For decades, the federal government has played the role of flood insurer through the National Flood Insurance Program (NFIP). What began as a public backstop has hardened into a routine subsidy, with Washington absorbing risks that private insurers would normally price—and often avoid—without a premium that reflects the true likelihood of loss.
The program’s structure shifts the consequences of building and living in flood-prone areas away from the people making those choices and onto taxpayers nationwide. When insurance prices are held below what risk would justify, the signal that normally discourages dangerous or imprudent development is muted. The predictable result is more construction, more rebuilding, and more repeated claims in places where flooding is not a remote possibility but an expected hazard.
A market-based approach would treat flood exposure the way other major risks are handled: through pricing, underwriting, and incentives that reward mitigation. Homeowners who choose high-risk locations—especially affluent property owners—should be able to purchase coverage that reflects their actual risk or decide to self-insure, elevate structures, relocate, or take other steps that reduce potential losses.
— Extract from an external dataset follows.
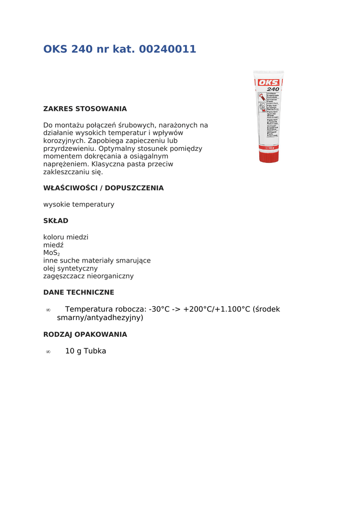 OKS 240 nr kat. 00240011 ZAKRES STOSOWANIA Do montażu połączeń śrubowych, narażonych na działanie wysokich temperatur i wpływów korozyjnych. Zapobiega zapieczeniu lub przyrdzewieniu. Optymalny stosunek pomiędzy momentem dokręcania a osiągalnym naprężeniem. Klasyczna pasta przeciw zakleszczaniu się. WŁAŚCIWOŚCI / DOPUSZCZENIA wysokie temperatury SKŁAD koloru miedzi miedź MoS2 inne suche materiały smarujące olej syntetyczny zagęszczacz nieorganiczny DANE TECHNICZNE • Temperatura robocza: -30°C -> +200°C/+1.100°C (środek smarny/antyadhezyjny) RODZAJ OPAKOWANIA • 10 g Tubka OKS 250 nr kat. 00250034 Smar do montażu wtryskiwaczy oraz do śrub i powierzchni ślizgowych, narażonych na wysokie naciski i temperatury. Optymalny stosunek pomiędzy momentem dokręcania śrub a osiągalnym naprężeniem. Nie zawiera metali. Bardzo dobra ochrona antykorozyjna. Uniwersalna pasta do wysokich temperatur. Dla połączeń ze stali szlachetnej. WŁAŚCIWOŚCI / DOPUSZCZENIA wysokie temperatury, obciążenie naciskiem, wpływ wody, ochrona antykorozyjna, nieszkodliwe na stanowisku pracy SKŁAD biała białe suche materiały smarujące Aktywne Mox olej syntetyczny polimocznik DANE TECHNICZNE • Temperatura robocza: -40°C -> +200°C/+1.400°C (środek smarny/antyadhezyjny) RODZAJ OPAKOWANIA • 1 kg Puszka OKS 611 nr kat. 00611004 ZAKRES STOSOWANIA Do nieniszczącego demontażu zakleszczonych lub zardzewiałych części maszyn. Bardzo dobre właściwości pełzania. Wypiera wilgoć. Dobre właściwości smarowe dzięki MoS2. Uniwersalny preparat do usuwania rdzy do zastosowań w przemyśle, warsztacie i przy majsterkowaniu. SKŁAD kolor szary MoS2 olej mineralny DANE TECHNICZNE Dla uzyskania optymalnego działania należy mechanicznie oczyścić odpowiednie miejsca. Natryskiwać w dużej ilości i pozostawić na chwilę do działania. W razie potrzeby powtórzyć operację. Temperatura robocza: -30°C - +50°. RODZAJ OPAKOWANIA • *400 ml spray OKS 621 nr kat. 00621004 ZAKRES STOSOWANIA Nieniszczący demontaż zakleszczonych lub zardzewiałych części maszyn. Kruszenie warstw rdzy przez schłodzenie do -40°C. Penetracja oleju w mikropęknięciach. Szybko działający preparat do usuwania rdzy do zastosowań w przemyśle, warsztacie i przy majsterkowaniu. WŁAŚCIWOŚCI / DOPUSZCZENIA Niskie temperatury. SKŁAD kolor jasny olej mineralny rozpuszczalniki DANE TECHNICZNE Przed użyciem usunąć zgrubne zanieczyszczenia. Dobrze wstrząsnąć puszkę. Natryskiwać z odległości 10 - 15 cm i pozostawić na ok. 1 - 2 minuty. W razie potrzeby powtórzyć operację. Temperatura robocza: -10°C - +40°C. RODZAJ OPAKOWANIA • *400 ml spray OKS 701 nr kat. 00701001 ZAKRES STOSOWANIA Do smarowania i pielęgnacji elementów maszyn z zakresu mechaniki precyzyjnej. Nie zawiera żywic i kwasów. Dobre właściwości pełzania. Bardzo dobra zdolność zwilżania. Nie niszczy tworzyw sztucznych. Do stosowania w przyrządach pomiarowych, w technice optycznych konstrukcji precyzyjnych. WŁAŚCIWOŚCI / DOPUSZCZENIA Stosowany przez lotnictwo w NATO. Niskie temperatury; wpływy atmosferyczne; wpływ wody; ochrona antykorozyjna; nieszkodliwe na stanowisku pracy. SKŁAD kolor jasny poliizobutylen DANE TECHNICZNE • Temperatura robocza: -50°C -> +100°C RODZAJ OPAKOWANIA • 400 ml spray OKS 1110 nr kat. 01110011 ZAKRES ZASTOSOWANIA Smar silikonowy o uniwersalnym zastosowaniu, również w przemyśle spożywczym. Do armatur, uszczelnień i części z tworzywa sztucznego. Odporny na media. Bardzo dobrze tolerowany przez tworzywa sztuczne. Nie wysycha, ani nie przenika międzywarstwowo. Neutralny w smaku i zapachu. Mocno przylegający. WŁAŚCIWOŚCI / DOPUSZCZENIA Wysokie temperatury; wpływ wody; nieszkodliwe na stanowisku pracy; do stosowania w przemyśle spożywczym. SKŁAD kolor przezroczysty olej silikonowy zagęszczacz nieorganiczny DANE TECHNICZNE • TEMPERATUROWY ZAKRES ZASTOSOWANIA: -40°C do +200°C RODZAJ OPAKOWANIA • 10 g tubka OKS 2661 nr kat. 02661006 ZAKRES STOSOWANIA Do części maszyn i powierzchni z oleistymi i tłustymi zanieczyszczeniami. Paruje szybko i bez pozostałości. Wysoka wydajność czyszczenia. Idealny do przygotowywania spoin klejowych i do czyszczenia miejsc smarowania. Środki czyszczące do hamulców. WŁAŚCIWOŚCI / DOPUSZCZENIA Nieszkodliwe na stanowisku pracy. SKŁAD kolor bezbarwny mieszanka rozpuszczalników DANE TECHNICZNE Z nadmiarem powlec czyszczone powierzchnie wzgl. spryskać je z bliskiej odległości i ewentualnie przetrzeć powierzchnię szmatami. Następnie pozwolić wyschnąć w temperaturze pomieszczenia przez ok. 1 minutę. Przed zastosowaniem na powierzchniach z tworzyw sztucznych i powierzchniach lakierowanych sprawdzić ich odporność. RODZAJ OPAKOWANIA • *600 ml spray OKS 2701 nr kat. 02701004 ZAKRES STOSOWANIA Szybkie chłodzenie małych powierzchni i części do -45°C. Symulacja warunków rozruchu silników samochodowych w niskich temperaturach. Pozwala na wyszukiwanie przerw, powodowanych wpływami temperaturowymi. Chroni sąsiadujące obszary podczas lutowania i spawania. Łatwiejszy montaż połączeń wtłaczanych. SKŁAD Bezbarwny gazy czynne lub gazy pędne DANE TECHNICZNE Natryskiwanie chłodzonych części aż do osiągnięcia wymaganej temperatury. Nie stosować pod napięciem i trzymać z dala od źródeł ognia. OKS 2701 paruje szybko i bez pozostałości. RODZAJ OPAKOWANIA spray 400 ml

When the cost of risk is visible and borne by the decision-maker, fewer resources are wasted and communities can adapt more realistically to changing conditions.
Ending the NFIP would also restore a clearer division between legitimate disaster relief and ongoing, pre-arranged subsidies. Emergency assistance after severe events can be debated and targeted openly. But standing federal insurance that repeatedly covers foreseeable, location-specific damage functions as a long-term transfer payment, not a neutral public service. It encourages rebuilding in the same vulnerable spots rather than supporting resilience and smarter land use.
A phase-out of the NFIP would let private insurers and reinsurers step in where coverage is viable, while pushing states and localities to reconsider zoning and building decisions that amplify risk. In a freer system, people would still be able to live near coasts, rivers, and floodplains—but they would do so with prices and policies that reflect reality rather than federal guarantees. The practical and fair course is to end the National Flood Insurance Program and allow insurance markets, property owners, and local governments to manage flood risk without a permanent national subsidy.